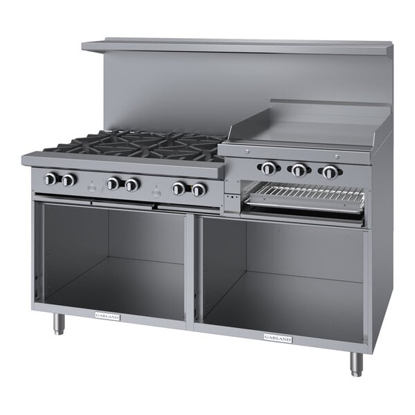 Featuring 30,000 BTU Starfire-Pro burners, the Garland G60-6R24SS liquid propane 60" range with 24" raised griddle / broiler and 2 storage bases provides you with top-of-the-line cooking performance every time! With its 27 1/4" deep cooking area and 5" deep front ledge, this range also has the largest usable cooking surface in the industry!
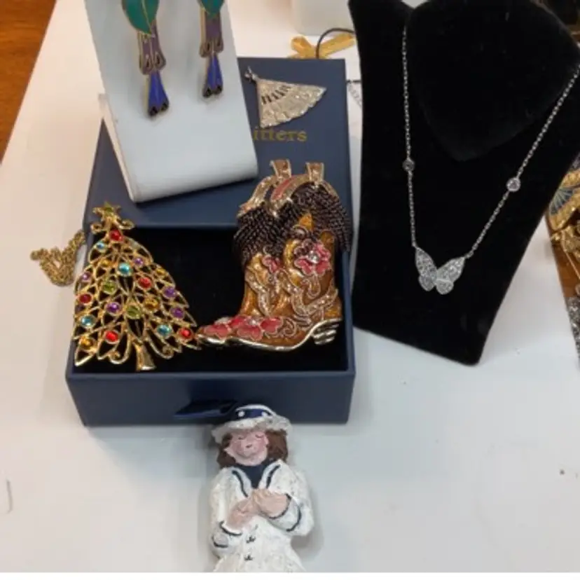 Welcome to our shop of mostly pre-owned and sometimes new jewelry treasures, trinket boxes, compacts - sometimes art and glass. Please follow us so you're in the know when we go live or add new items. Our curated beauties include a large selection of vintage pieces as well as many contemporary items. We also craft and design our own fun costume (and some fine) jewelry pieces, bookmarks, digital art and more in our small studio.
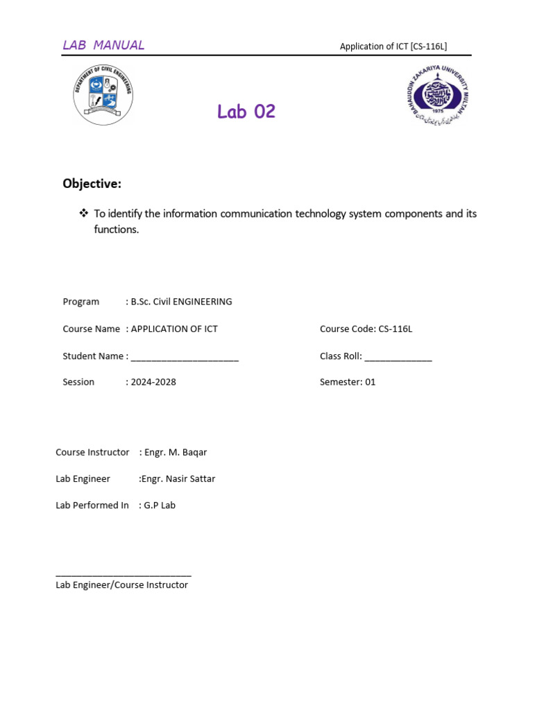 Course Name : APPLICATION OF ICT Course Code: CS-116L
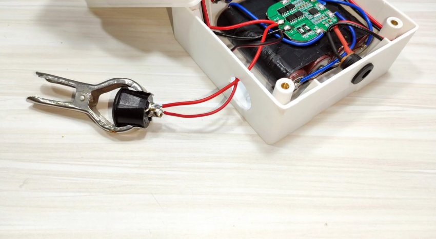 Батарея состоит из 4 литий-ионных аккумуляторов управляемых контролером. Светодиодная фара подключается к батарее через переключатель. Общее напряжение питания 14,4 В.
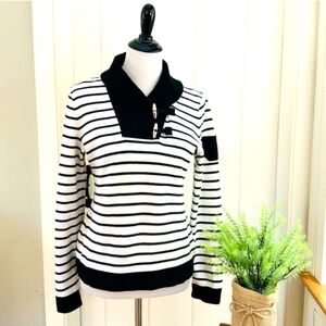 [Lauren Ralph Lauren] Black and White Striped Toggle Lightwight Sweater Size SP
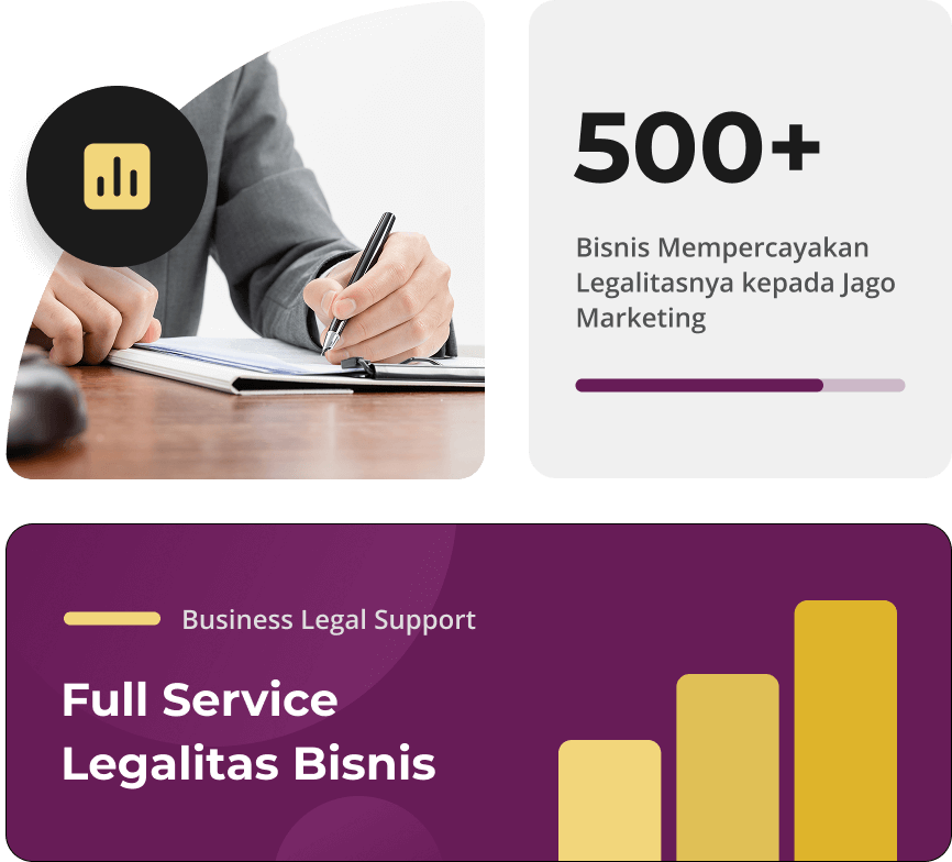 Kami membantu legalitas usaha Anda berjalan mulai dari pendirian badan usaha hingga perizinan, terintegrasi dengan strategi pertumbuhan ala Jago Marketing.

--

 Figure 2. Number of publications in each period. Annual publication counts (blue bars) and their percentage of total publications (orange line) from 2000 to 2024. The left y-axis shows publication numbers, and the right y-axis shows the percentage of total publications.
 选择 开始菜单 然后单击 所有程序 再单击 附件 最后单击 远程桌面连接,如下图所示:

==

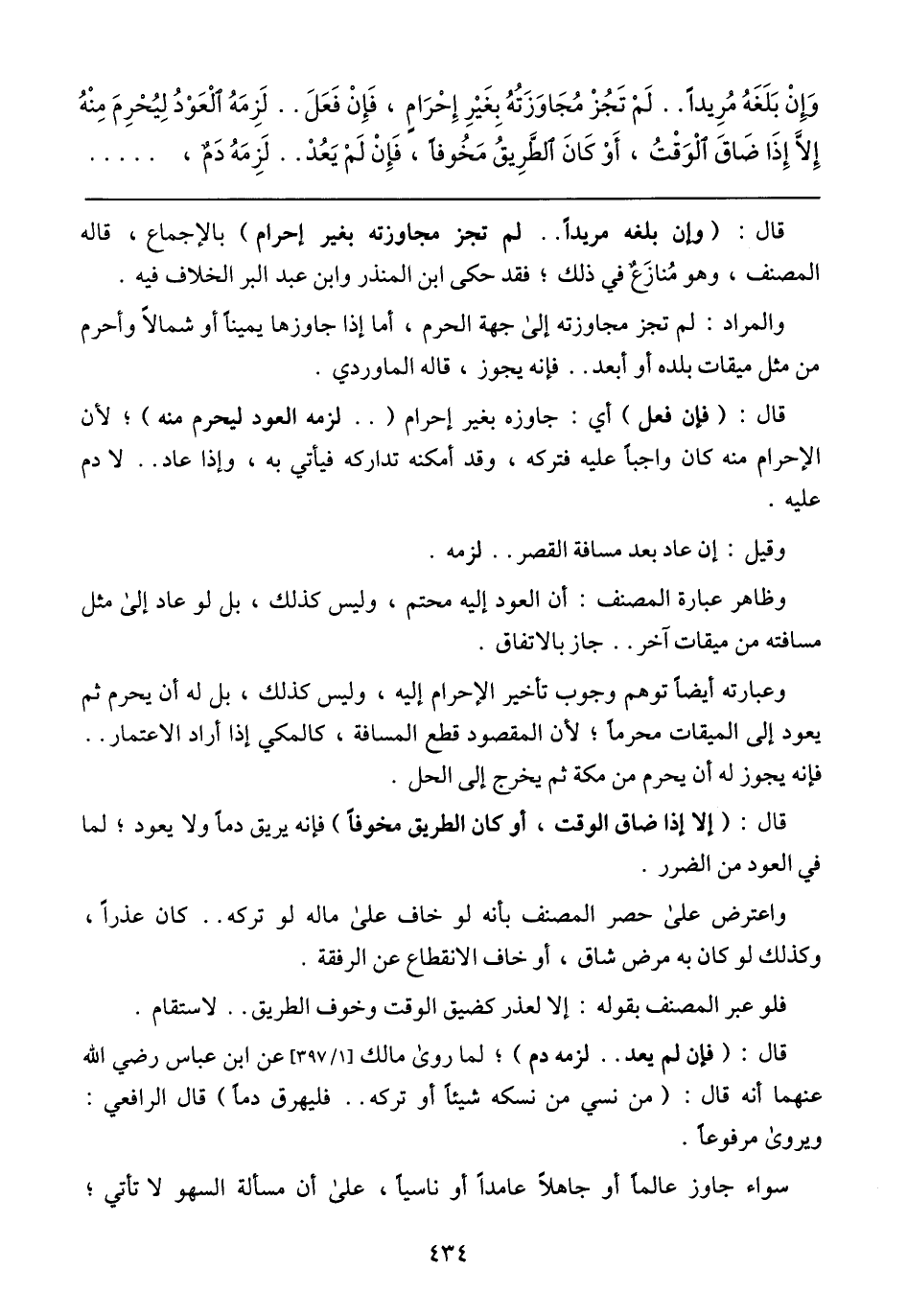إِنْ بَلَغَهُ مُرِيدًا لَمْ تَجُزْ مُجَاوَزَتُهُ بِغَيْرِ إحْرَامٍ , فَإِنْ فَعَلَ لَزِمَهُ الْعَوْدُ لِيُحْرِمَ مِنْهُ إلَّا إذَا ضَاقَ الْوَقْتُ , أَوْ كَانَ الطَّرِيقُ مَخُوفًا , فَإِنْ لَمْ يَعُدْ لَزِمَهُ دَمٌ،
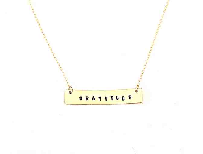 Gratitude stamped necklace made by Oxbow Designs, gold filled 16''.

*WHAT TO DO:* Return only the lines between the one holding "Figure 2. Number" and the one holding "选择 开始菜单 然后单击", inclusive, exactly as they appear above.

*RESPONSE TO THIS TASK:*
 Figure 2. Number of publications in each period. Annual publication counts (blue bars) and their percentage of total publications (orange line) from 2000 to 2024. The left y-axis shows publication numbers, and the right y-axis shows the percentage of total publications.
 选择 开始菜单 然后单击 所有程序 再单击 附件 最后单击 远程桌面连接,如下图所示:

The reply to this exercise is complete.